» **WHAT YOU SHOULD DO**
Range to reproduce from the entries below: the line with "by Peter Bagge", the line with "The bowl, thumb", and every line in between. Give them exactly and give nothing else.

» **SUPPLIED RECORDS**
__________

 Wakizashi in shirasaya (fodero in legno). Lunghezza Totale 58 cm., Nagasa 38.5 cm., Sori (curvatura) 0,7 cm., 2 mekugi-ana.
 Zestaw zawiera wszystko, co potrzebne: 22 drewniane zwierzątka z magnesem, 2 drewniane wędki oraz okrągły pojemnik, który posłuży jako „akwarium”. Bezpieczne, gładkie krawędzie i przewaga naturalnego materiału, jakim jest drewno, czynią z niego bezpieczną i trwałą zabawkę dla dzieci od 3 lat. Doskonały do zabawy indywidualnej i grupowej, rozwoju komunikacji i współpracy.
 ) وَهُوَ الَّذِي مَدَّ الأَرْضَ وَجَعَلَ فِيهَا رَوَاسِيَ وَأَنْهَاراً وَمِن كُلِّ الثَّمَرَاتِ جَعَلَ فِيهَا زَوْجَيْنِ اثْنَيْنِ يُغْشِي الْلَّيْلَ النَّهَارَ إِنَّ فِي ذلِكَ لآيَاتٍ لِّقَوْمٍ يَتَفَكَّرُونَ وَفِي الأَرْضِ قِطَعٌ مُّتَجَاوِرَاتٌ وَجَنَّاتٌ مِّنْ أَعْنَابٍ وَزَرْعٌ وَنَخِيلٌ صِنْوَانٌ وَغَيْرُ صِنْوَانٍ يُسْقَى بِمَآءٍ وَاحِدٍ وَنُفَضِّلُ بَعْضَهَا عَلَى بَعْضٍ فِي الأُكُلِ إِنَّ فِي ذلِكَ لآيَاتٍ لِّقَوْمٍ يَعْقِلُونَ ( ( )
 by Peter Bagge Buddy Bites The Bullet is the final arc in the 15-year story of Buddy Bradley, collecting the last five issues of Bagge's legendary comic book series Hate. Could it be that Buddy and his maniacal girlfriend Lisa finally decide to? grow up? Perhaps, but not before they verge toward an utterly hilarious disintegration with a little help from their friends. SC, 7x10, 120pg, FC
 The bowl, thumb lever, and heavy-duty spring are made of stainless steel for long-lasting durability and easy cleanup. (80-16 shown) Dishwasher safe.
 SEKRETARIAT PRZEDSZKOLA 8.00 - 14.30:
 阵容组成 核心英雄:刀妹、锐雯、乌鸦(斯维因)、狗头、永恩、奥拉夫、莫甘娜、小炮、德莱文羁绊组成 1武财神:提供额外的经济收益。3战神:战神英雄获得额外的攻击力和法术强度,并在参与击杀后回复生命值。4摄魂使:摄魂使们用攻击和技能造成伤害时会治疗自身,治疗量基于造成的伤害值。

__________

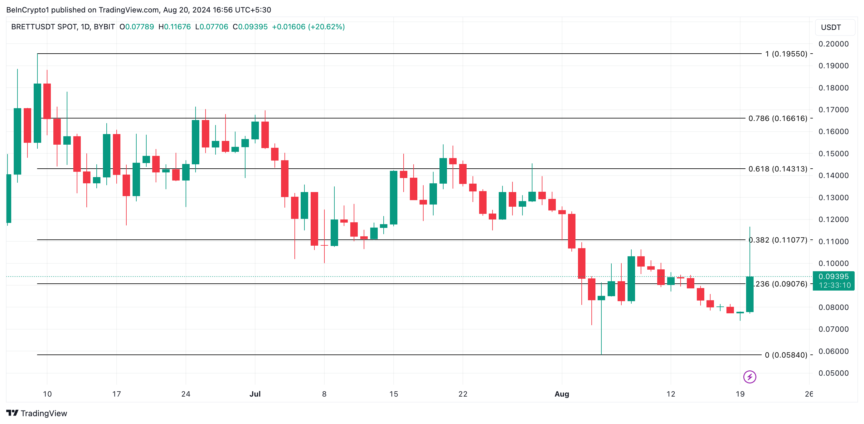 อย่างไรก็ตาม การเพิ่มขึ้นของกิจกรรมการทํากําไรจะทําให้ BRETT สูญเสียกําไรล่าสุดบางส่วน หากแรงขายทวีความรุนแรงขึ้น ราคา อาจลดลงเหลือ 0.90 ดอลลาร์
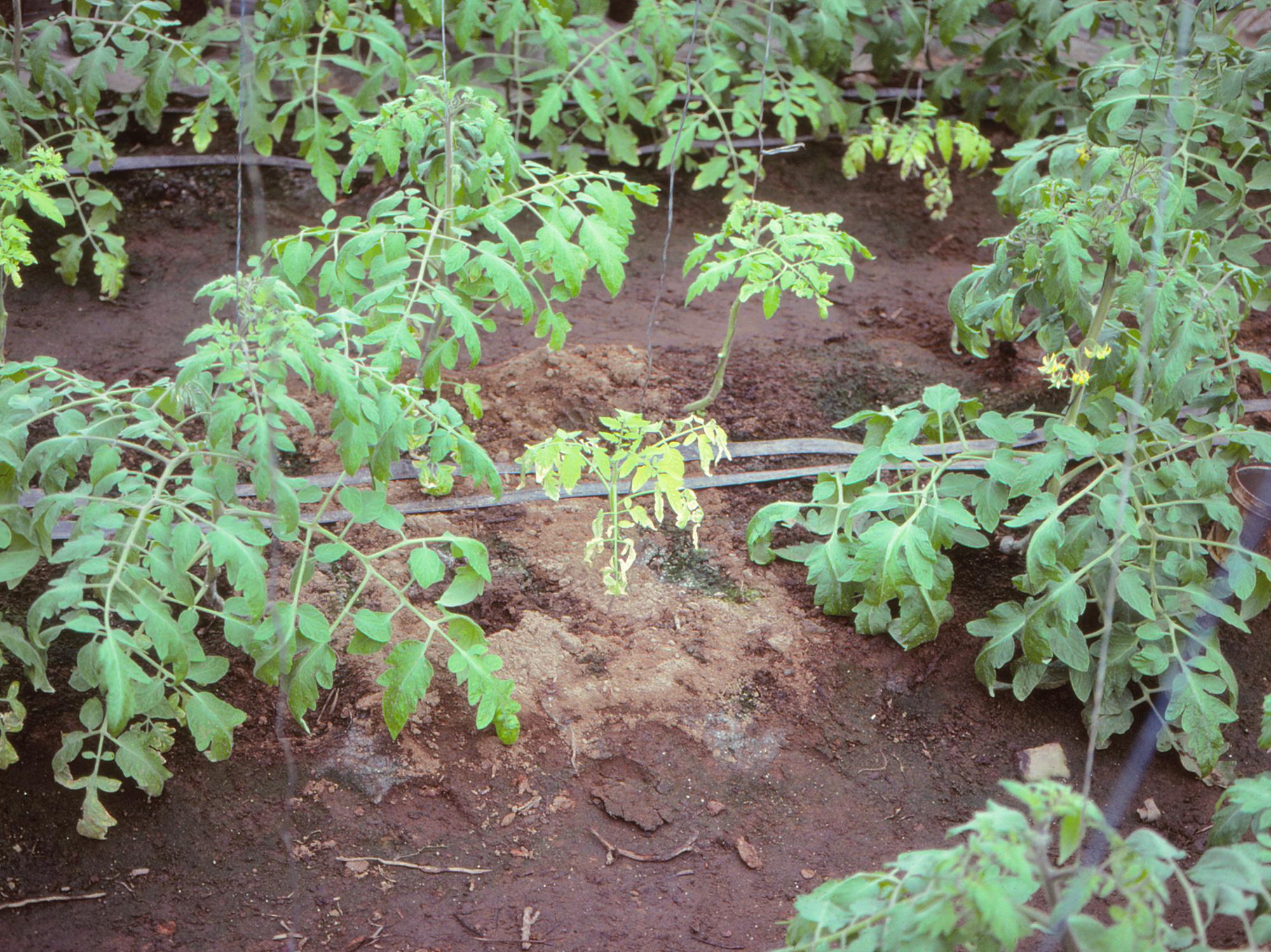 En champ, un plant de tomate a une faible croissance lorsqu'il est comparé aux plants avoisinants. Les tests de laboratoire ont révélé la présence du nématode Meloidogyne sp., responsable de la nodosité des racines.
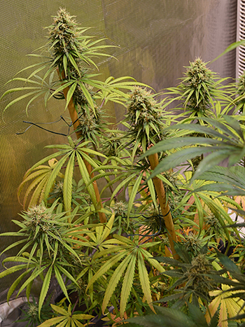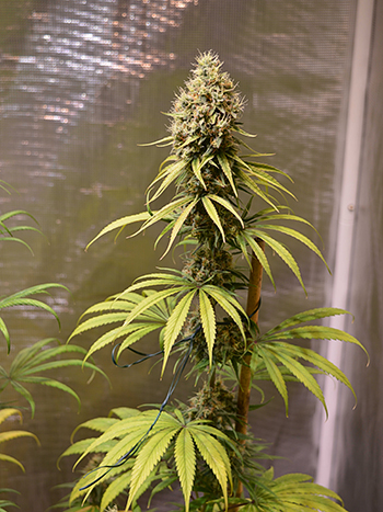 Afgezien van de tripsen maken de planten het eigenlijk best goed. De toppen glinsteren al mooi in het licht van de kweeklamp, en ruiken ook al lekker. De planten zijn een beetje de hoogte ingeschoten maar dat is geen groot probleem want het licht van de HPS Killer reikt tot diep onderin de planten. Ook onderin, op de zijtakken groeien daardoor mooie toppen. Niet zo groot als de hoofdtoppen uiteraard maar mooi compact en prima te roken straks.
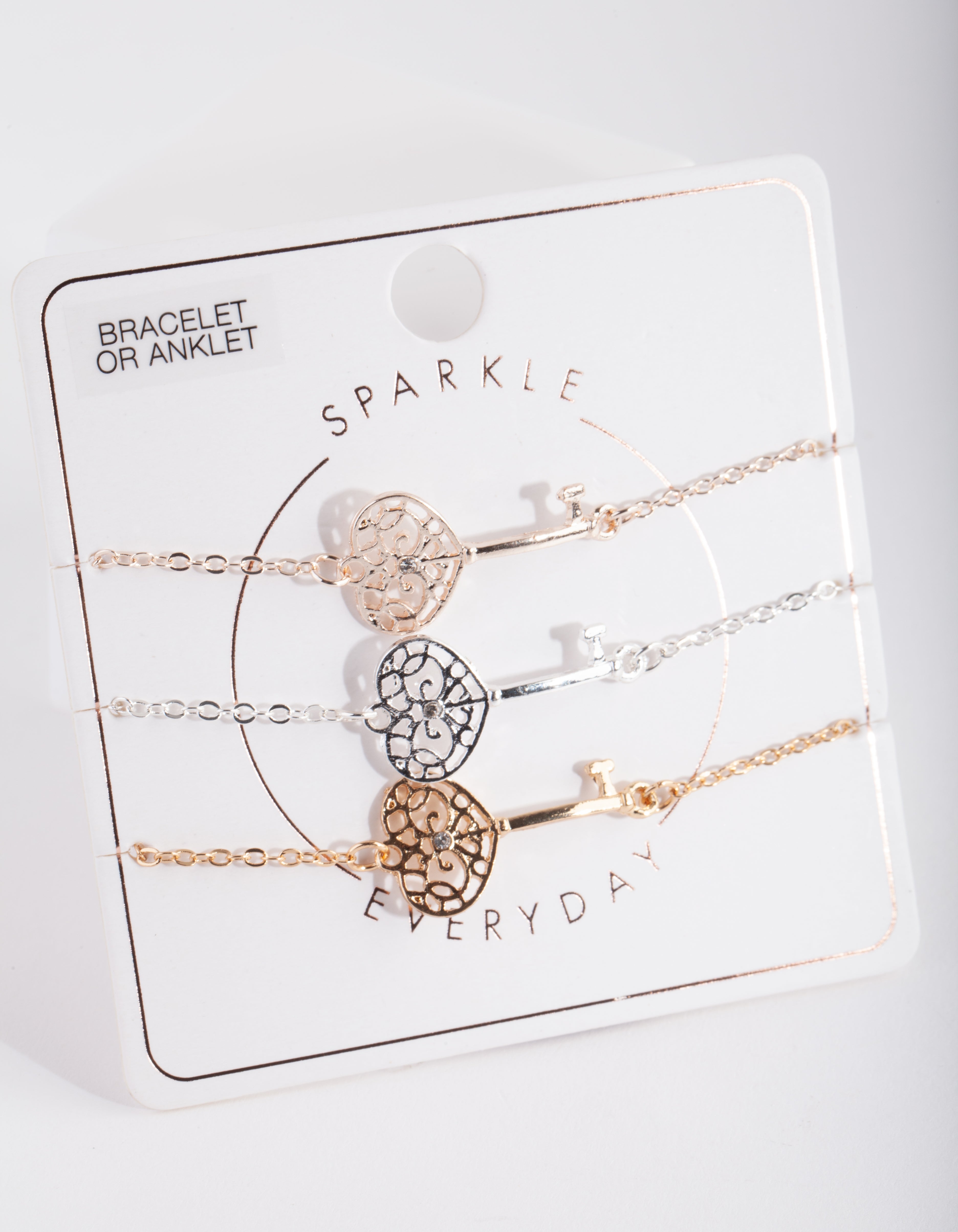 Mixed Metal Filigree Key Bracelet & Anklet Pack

__________

» **ANSWER TO THIS PROBLEM**
 by Peter Bagge Buddy Bites The Bullet is the final arc in the 15-year story of Buddy Bradley, collecting the last five issues of Bagge's legendary comic book series Hate. Could it be that Buddy and his maniacal girlfriend Lisa finally decide to? grow up? Perhaps, but not before they verge toward an utterly hilarious disintegration with a little help from their friends. SC, 7x10, 120pg, FC
 The bowl, thumb lever, and heavy-duty spring are made of stainless steel for long-lasting durability and easy cleanup. (80-16 shown) Dishwasher safe.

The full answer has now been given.